** Records **

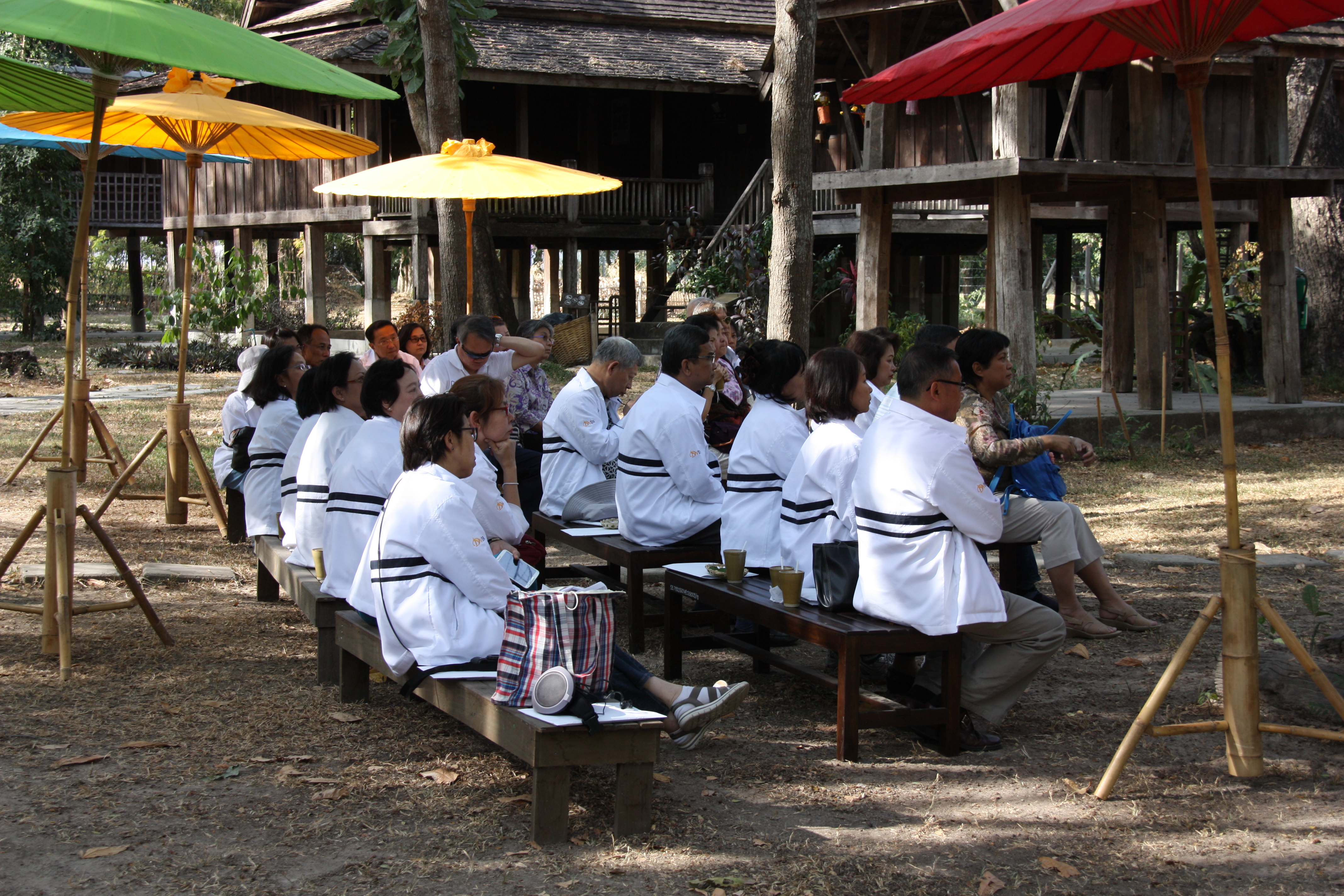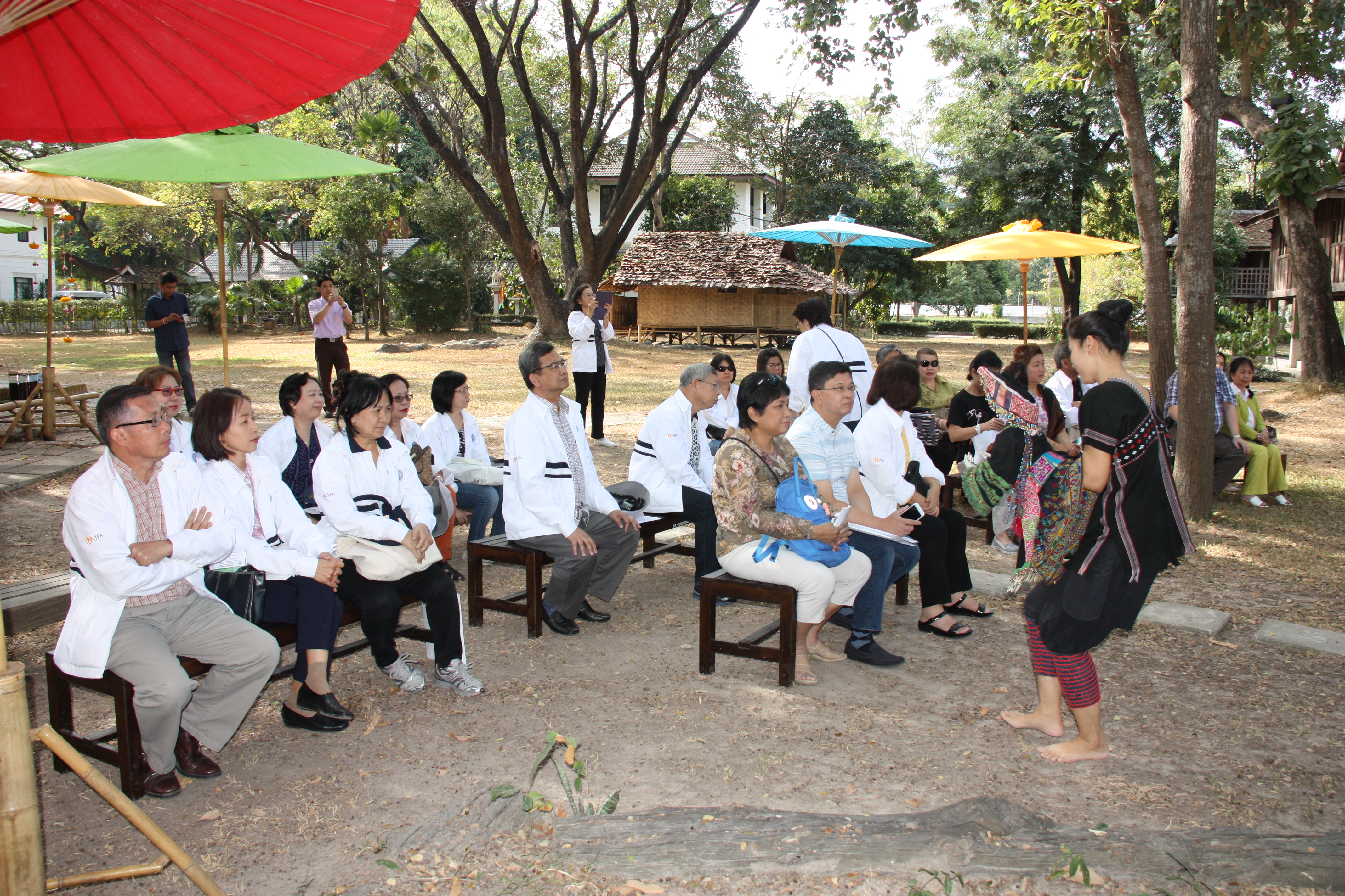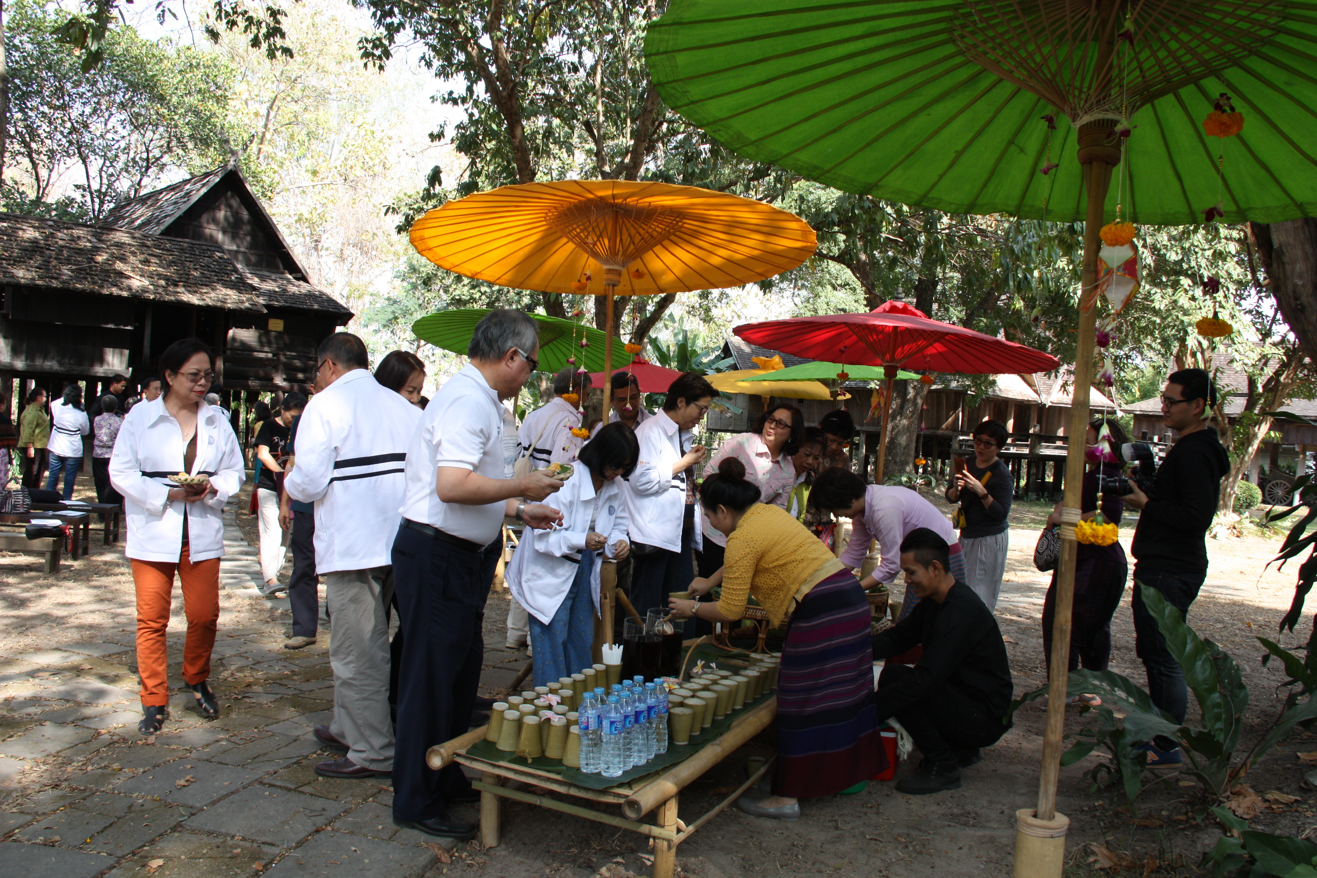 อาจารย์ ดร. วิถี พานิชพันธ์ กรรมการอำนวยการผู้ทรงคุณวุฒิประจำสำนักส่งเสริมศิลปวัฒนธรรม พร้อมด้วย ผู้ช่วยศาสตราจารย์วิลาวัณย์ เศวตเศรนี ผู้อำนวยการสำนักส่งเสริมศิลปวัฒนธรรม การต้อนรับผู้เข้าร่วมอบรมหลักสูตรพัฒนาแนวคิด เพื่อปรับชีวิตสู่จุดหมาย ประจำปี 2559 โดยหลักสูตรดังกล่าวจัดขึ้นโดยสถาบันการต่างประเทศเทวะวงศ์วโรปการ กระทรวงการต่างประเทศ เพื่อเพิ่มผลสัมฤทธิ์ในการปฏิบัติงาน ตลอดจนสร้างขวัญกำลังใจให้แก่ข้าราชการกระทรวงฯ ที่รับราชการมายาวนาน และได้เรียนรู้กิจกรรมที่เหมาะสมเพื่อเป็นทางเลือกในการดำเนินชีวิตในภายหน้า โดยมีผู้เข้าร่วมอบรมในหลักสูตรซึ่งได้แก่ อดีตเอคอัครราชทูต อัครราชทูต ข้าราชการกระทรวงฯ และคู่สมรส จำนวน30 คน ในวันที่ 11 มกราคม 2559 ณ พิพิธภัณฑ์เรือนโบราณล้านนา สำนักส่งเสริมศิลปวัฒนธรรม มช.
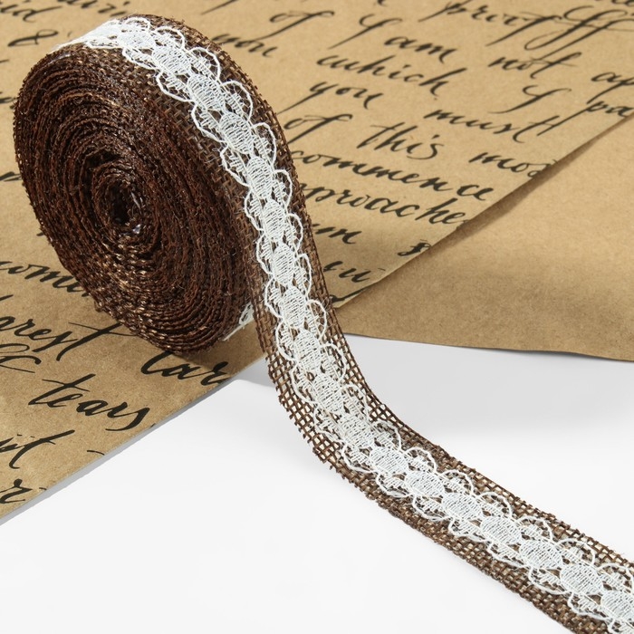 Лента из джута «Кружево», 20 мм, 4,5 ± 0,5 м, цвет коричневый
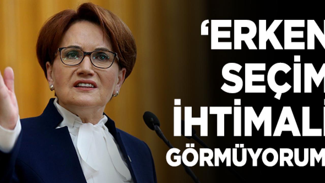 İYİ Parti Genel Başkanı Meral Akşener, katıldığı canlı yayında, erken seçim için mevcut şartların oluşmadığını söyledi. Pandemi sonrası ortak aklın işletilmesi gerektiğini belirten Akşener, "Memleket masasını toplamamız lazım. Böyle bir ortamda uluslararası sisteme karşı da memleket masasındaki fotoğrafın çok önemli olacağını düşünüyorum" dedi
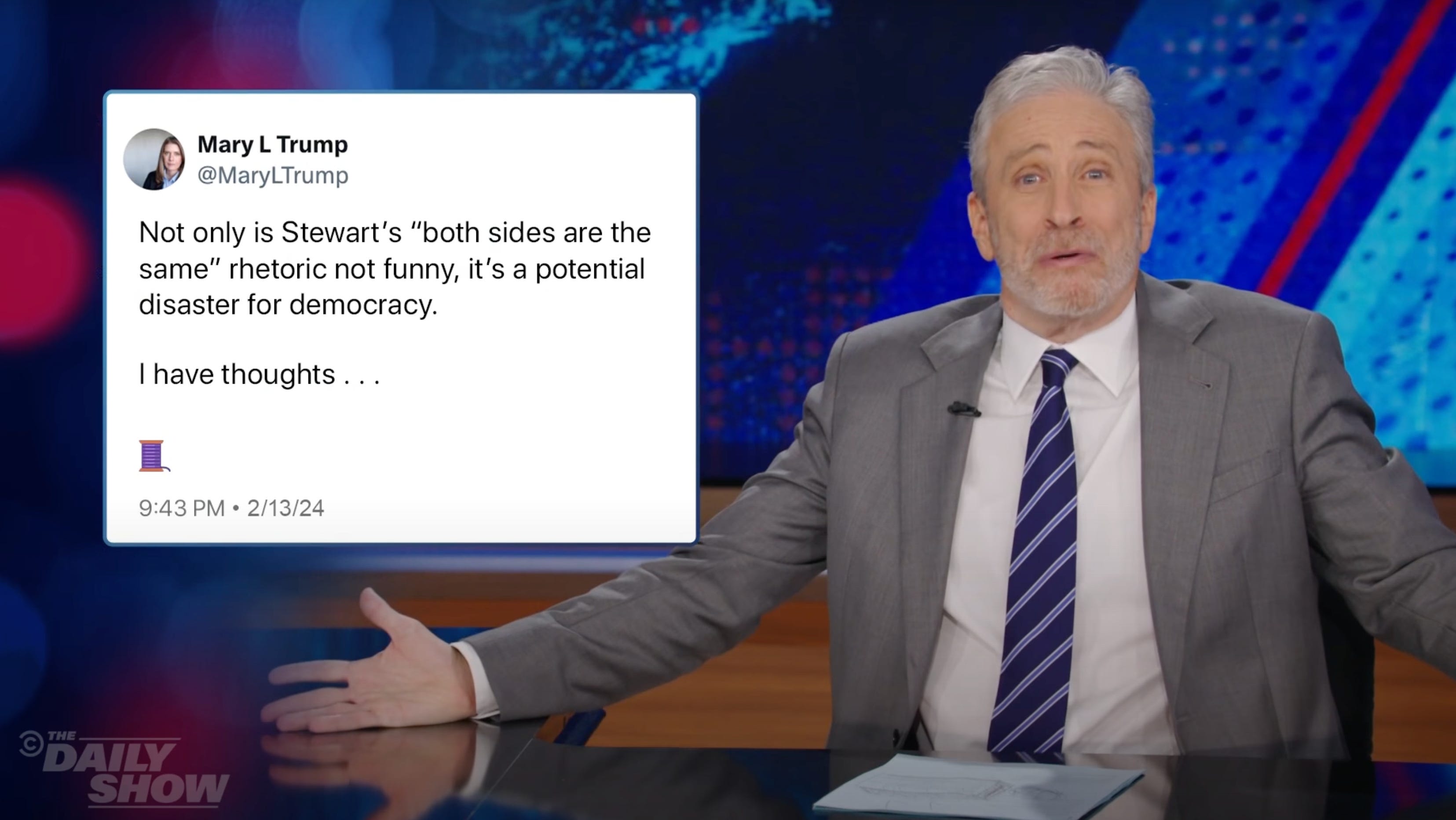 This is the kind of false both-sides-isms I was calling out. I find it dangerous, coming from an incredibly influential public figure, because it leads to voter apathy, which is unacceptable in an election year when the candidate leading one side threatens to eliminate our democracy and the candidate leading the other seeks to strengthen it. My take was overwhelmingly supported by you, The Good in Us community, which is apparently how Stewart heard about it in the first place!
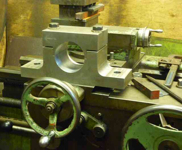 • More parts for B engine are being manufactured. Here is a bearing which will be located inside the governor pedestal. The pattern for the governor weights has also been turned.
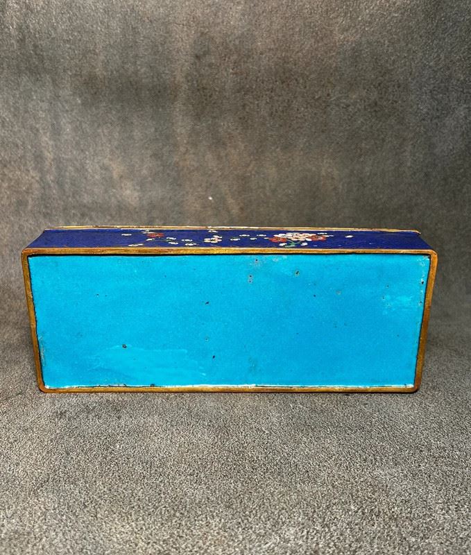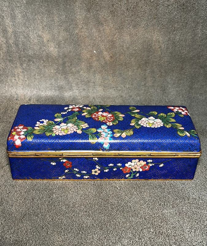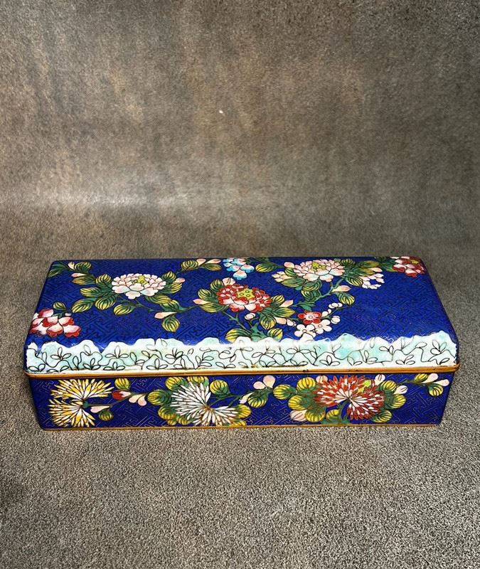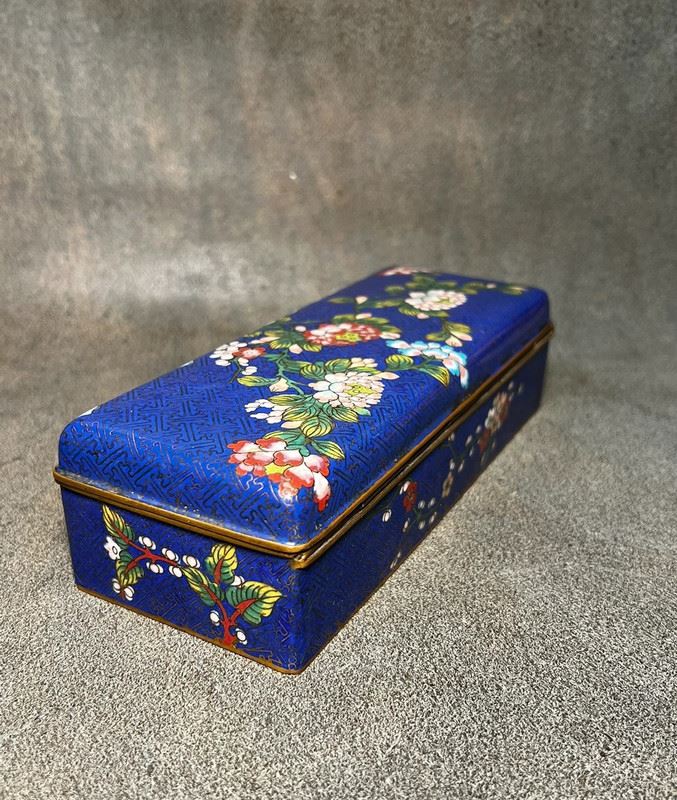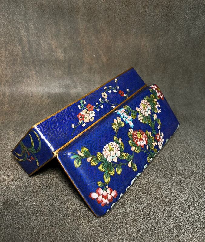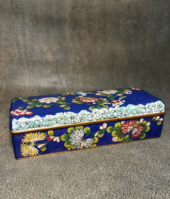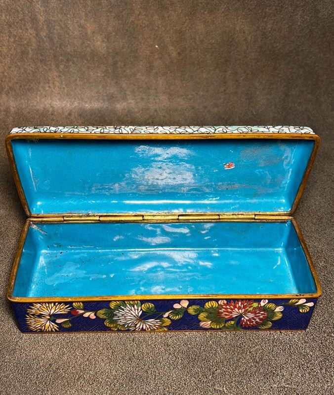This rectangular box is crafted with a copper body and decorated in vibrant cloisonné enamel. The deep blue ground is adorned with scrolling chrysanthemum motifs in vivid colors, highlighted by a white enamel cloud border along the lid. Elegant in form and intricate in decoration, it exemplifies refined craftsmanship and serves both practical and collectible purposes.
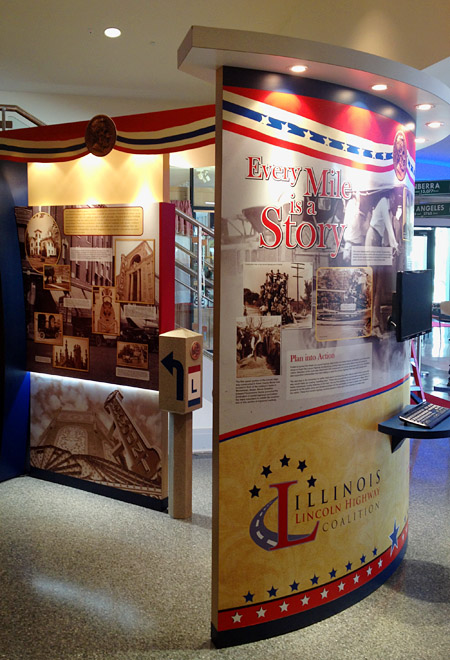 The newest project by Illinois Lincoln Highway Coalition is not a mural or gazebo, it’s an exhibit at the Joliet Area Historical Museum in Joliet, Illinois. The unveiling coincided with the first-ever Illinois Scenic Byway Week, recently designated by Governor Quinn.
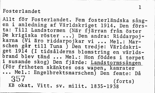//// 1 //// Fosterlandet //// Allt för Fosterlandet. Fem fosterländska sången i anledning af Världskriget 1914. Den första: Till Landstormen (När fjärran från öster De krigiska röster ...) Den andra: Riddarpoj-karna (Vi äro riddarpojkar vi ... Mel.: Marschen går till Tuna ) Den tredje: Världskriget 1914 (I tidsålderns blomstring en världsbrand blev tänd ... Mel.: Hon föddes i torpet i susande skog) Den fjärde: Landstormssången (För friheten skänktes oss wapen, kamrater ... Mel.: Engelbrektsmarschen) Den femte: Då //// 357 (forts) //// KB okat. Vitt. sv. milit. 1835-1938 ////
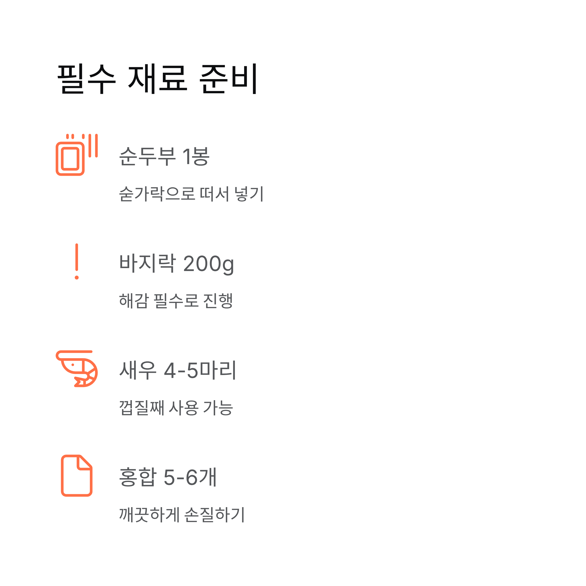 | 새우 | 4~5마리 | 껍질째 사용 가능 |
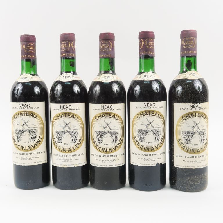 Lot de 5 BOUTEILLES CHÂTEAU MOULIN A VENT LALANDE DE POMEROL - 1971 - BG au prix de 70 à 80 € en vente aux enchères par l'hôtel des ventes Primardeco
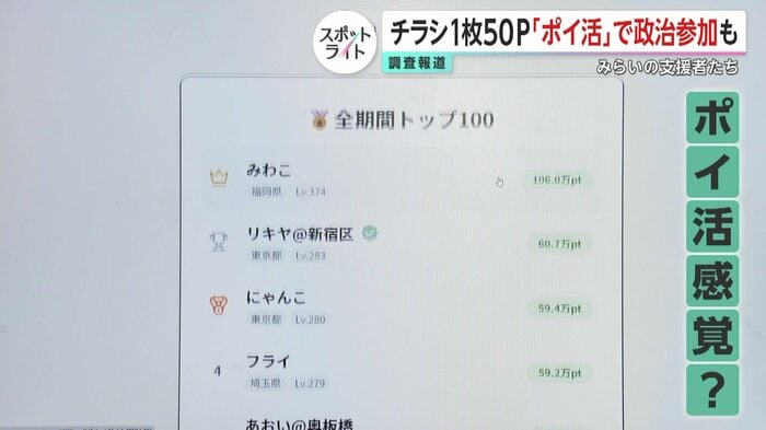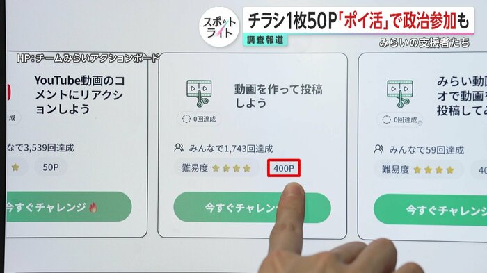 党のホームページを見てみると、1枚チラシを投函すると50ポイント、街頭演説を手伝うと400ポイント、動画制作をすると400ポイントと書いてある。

** Goal of the exercise **
From the line with "This is the" up to and including the line with "also been turned." above, retype every line exactly and nothing more; leave out the pictures.

** Written solution **
 This is the kind of false both-sides-isms I was calling out. I find it dangerous, coming from an incredibly influential public figure, because it leads to voter apathy, which is unacceptable in an election year when the candidate leading one side threatens to eliminate our democracy and the candidate leading the other seeks to strengthen it. My take was overwhelmingly supported by you, The Good in Us community, which is apparently how Stewart heard about it in the first place!
 • More parts for B engine are being manufactured. Here is a bearing which will be located inside the governor pedestal. The pattern for the governor weights has also been turned.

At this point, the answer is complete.